OPINION {¶ 1} Plaintiff-appellant, Bradley M. Gibson, appeals the March 2, 2005 judgment of the Court of Common Pleas, Allen County, Ohio granting Defendant-Appellee, Combs, Reitz Co.'s motion for summary judgment. Although this appeal has been placed on the accelerated calendar, this court elects to issue a full opinion pursuant to Loc.R. 12(5).
{¶ 2} The parties formed a general accounting partnership in 1989. There were originally four partners: Gibson, Defendant Richard Combs, Lee MacWhinney, and the defendant corporation. At that time the corporation was owned by Daniel Combs and John Reitz. Each partner executed a separate partnership agreement on November 21, 1989. Thereafter, both Reitz and MacWhinney left the partnership; they are not involved in the events from which the present litigation arose.
{¶ 3} On April 8, 1999 Daniel and Richard Combs ("Combs'") approached Gibson and informed him of their desire to end their professional relationship with him. They held a brief meeting with Gibson wherein they informed him of their desire to "buy-out" his partnership interest. Various meetings were held over the next several months where the parties attempted to negotiate a mutually acceptable buyout arrangement. No agreement could be reached, and Gibson cleared out his office and removed his personal belongings from the building over the weekend of June 25, 1999. He then left a note for the Combs' indicating that all further contact should be through his attorney. The following Monday, June 28, 1999, the Combs' sent a "Notice of Dissolution" of the partnership to Gibson's attorney.
{¶ 4} On July 1, 1999 the Combs' established a new accounting partnership; they continued to operate out of the same building with the same employees and they continued to serve the partnership's clients. Gibson established a new accounting practice as well. The record indicates that the Combs' informed Gibson through his attorney that they were going to send notification to their former clients of the dissolution of the former partnership, and they asked for his input. When they received no response, they sent notification letters out in September 1999; the vast majority of the clients choose to retain the Combs' as their accountants.

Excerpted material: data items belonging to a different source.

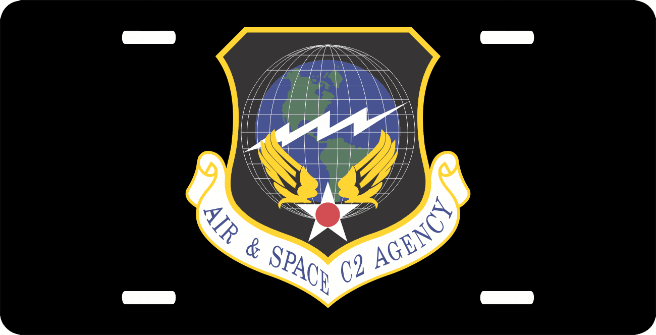 This U.S. Air Force Air And Space C2 Agency License Plate is made from heavy gauge aluminum and has a baked enamel finish to last for many years of use. Each plate measures 5 15/16" x 11 15/16". This license plate would make a wonderful addition to your collection or a great gift.
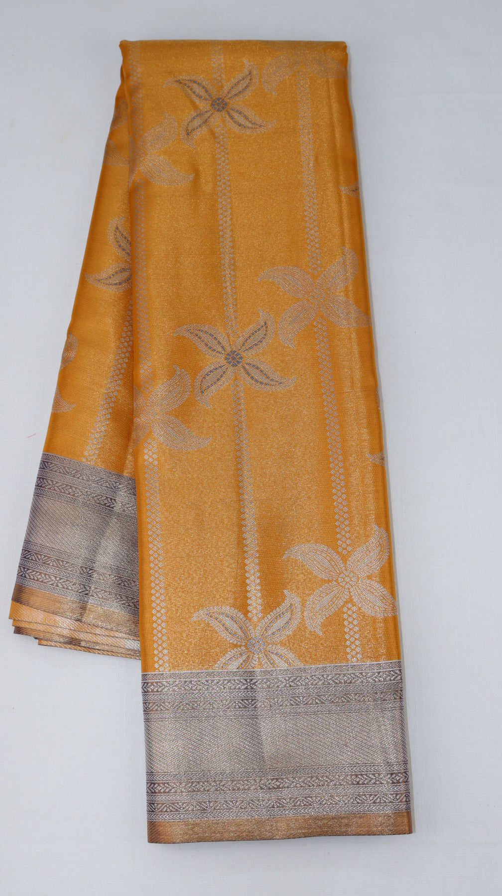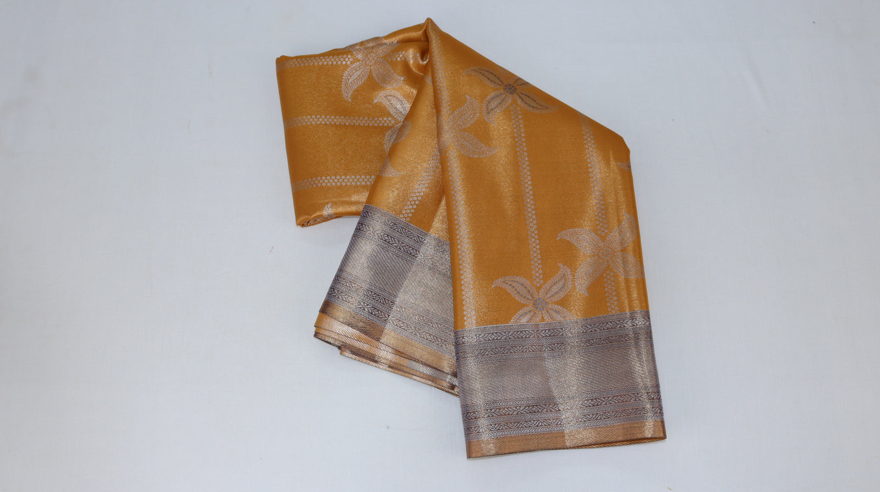 Experience the refined elegance of this pastel mustard Kanjipuram saree, a distinguished addition to any traditional collection. Woven with pure silk using time-honored Kanjipuram techniques, this saree showcases exquisite zari detailing and classical patterns that exemplify South Indian textile artistry. The warm, muted mustard tone strikes a perfect balance between tradition and contemporary style, flattering diverse skin tones while remaining versatile for weddings, festivals, and formal occasions. The saree's luxurious fabric offers superior drape and comfort throughout extended wear. A testament to authentic craftsmanship and timeless sophistication.
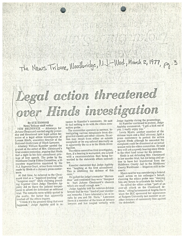 A newspaper article from The News Tribune about Lennox Hinds, president of the National Conference of Black Lawyers, being cited by The Ethics Committee of the Middlesex County Bar Association. Chief defense counsel William Kunstler, representing Assata Shakur (JoAnne Chesimard) in her trial for the 1973 killing of a state trooper, protested it.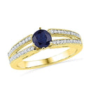 Description 10kt Yellow Gold Women's Round Lab-Created Blue Sapphire Solitaire Split-shank Ring 1/5 Cttw Gemstone Details 1/5 Carats total weight --- 3/4 carat center solitaire Specifications 10kt Yellow Gold Combined gemstone weight of 1/5 carats total weight represents a range of 0.18 - 0.22 cts. t.w.

{¶ 5} Gibson filed suit in the Court of Common Pleas, Allen County, Ohio on September 20, 1999. That suit was voluntarily dismissed on May 8, 2001, and Gibson re-filed an amended complaint on May 25, 2001. The amended complaint contained three causes of action. The first cause of action alleged that the Combs' breached fiduciary duties to Gibson by continuing to operate the partnership out of the same building and serving the same clients. The second cause of action sought a declaratory judgment as to the application of the Partnership Agreement. The third cause of action sought an order causing the winding up and termination of the partnership affairs. Gibson later attempted to amend his complaint to include allegations against the defendant corporation rather than against Daniel Combs in his personal capacity, as the corporation and not Combs was a partner. The trial court denied Gibson's motion for leave to amend.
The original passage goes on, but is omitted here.